Funerals are never particularly pleasant affairs but in Egypt, they are important social events. They’re as prominent on the social calendar as any major celebration with attendance being even more mandatory than for more joyful events, like weddings. Last week, in an effort to tackle the spread of the COVID-19 virus, the government of Egypt banned public funeral gatherings. So Egyptians made them smaller, more intimate affairs, at their homes, with rooms full of mourners in masks.

The most populous country in the Arab world, with 100 million people straining its seams, Egypt has weaknesses that make it susceptible to a serious outbreak. Significantly more sophisticated and well-equipped health care systems in Western countries are expected the creak under the impact of a full-blown outbreak and Egypt’s already overburdened public health system is even less prepared for such a challenge. As of March 18, Egypt has announced 196 cases of COVID-19; considering the nature of the virus, the number could be significantly higher.

Funerals were only part of a clampdown on public gatherings; employees in Egypt’s vast public sector have been asked to work remotely where possible or, if not, on rotating schedules to limit interaction, the exception being those working in power generation, transportation services, hospitals, and ambulance and sanitation services. Any employees with existing chronic conditions that would make them more vulnerable to the virus, along with pregnant women or those caring for children under the age of 12, were given exceptional leave. Crucially, this type of leave is paid and may not be deducted from ordinary leave.

All flights in and out of Egypt will be suspended from March 19 through 31, although visiting foreign nationals will be allowed to finish up their trips and leave as originally planned. The flight suspensions will leave domestic aviation with a hefty bill of EGP 2.25 billion, according to Prime Minister Mustafa Madbouly. Cinema, theatre, and sports events have all been suspended for two weeks. As of March 15, all schools and universities and private tutoring centers were closed down for two weeks, with the Ministry of Interior vowing swift legal action against violators. 

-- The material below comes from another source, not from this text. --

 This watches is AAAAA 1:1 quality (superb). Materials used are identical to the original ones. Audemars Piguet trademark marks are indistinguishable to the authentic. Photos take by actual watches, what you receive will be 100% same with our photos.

It’s all come on the heels of the worst storm in decades, which caused widespread flooding, complicated by a perennially unfit and run-down infrastructure, leading to the deaths of 21 people. Five days after the storm, some economically disadvantaged urban areas are still without water, robbing people of their major defense against the virus: hand-washing.

Social media helped supply further uncertainty; the government warned people against rumors, including one widely circulated WhatApp audio message claiming a curfew was imminent and urging people to stockpile goods, or others which claimed that the second academic semester had been cancelled or yet others which claimed that a plague of black locusts was on its way to Egypt. Egyptians have a tendency to assume that their governments aren’t always providing the most accurate picture and faced with uncertainty, they have deployed their secret weapon: their famous sense of humor. Social media is chock full of memes and jokes about the virus and its spread, including one which, to use an unfortunate term, has gone viral — a catchy public demonstration memo, declaring the Egyptians would stop social kissing on greeting to thwart the virus.

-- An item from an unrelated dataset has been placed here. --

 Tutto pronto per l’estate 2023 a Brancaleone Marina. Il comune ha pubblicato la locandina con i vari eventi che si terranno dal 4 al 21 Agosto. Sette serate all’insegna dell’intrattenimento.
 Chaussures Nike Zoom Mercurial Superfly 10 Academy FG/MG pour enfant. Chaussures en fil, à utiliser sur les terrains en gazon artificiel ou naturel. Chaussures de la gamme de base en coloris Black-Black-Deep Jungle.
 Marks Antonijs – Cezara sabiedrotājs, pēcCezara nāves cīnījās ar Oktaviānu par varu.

The sense of humor, while valuable, has its limits; consumers attempted to make up for the lack of actual locusts by descending on supermarkets and panic buying, prompting Prime Minister Madbouly to call on people to remain calm (and, more importantly, stop buying). The government has also moved quickly to stem the hemorrhage caused by the pandemic; it announced the allocation of EGP 100 billion toward combatting the virus, although it has not delineated how the money would be allocated. More concretely, the Central Bank announced the largest emergency rate cut since the devaluation four years ago, of three percentage points. It also instituted a new overnight deposit rate of 9.25 percent, an overnight lending rate of 10.25 percent, and a main refinancing operations rate of 9.75 percent. The Central Bank also instructed all banks to postpone any dues and payments on loans taken out by individuals and companies for the next six months, and to raise daily transaction limits on credit cards, canceling fees and commissions on POS and ATM withdrawals.

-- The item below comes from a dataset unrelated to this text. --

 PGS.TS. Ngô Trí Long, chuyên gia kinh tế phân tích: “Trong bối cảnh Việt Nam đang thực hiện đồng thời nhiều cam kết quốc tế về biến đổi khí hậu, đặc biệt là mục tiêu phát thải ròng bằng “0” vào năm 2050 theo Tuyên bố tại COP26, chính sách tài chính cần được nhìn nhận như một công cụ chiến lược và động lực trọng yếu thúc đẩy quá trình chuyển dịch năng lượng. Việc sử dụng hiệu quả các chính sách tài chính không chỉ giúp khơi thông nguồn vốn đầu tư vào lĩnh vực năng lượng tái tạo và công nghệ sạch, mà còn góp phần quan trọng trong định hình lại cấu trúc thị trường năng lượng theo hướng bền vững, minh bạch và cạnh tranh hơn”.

In an attempt to “encourage people to remain at home” and to help with remote learning during the school closures, the Ministry of Telecommunications upped internet bundle quotas by 20 percent. The National Telecom Regulatory Authority will pick up the EGP 200 million tab. 

Egyptian online daily Mada Masr reported that the not-for-profit January 25 Hospital in Sharqiya has placed its facilities at the disposal of the Ministry of Health for use in quarantine or to receive, examine, and treat any suspected cases of coronavirus. The hospital announced it would bear all medical costs during this period, “provided that the ministry provides medical and administrative staff. The hospital also said it would purchase test kits for COVID-19 and make the tests available free of charge under the supervision of the Health Ministry.” In addition, the Ministry of Health announced that as of March 19, it would open 13 laboratories providing COVID-19 testing. For those referred from fever hospitals, testing would be free. Considering the mayhem that ensued when people attempted to get tested in response to a Saudi Arabian requirement for visas, these labs might provide potential for the transmission of the virus.


Mirette F. Mabrouk is a Senior Fellow and the Director of MEI's Egypt Program.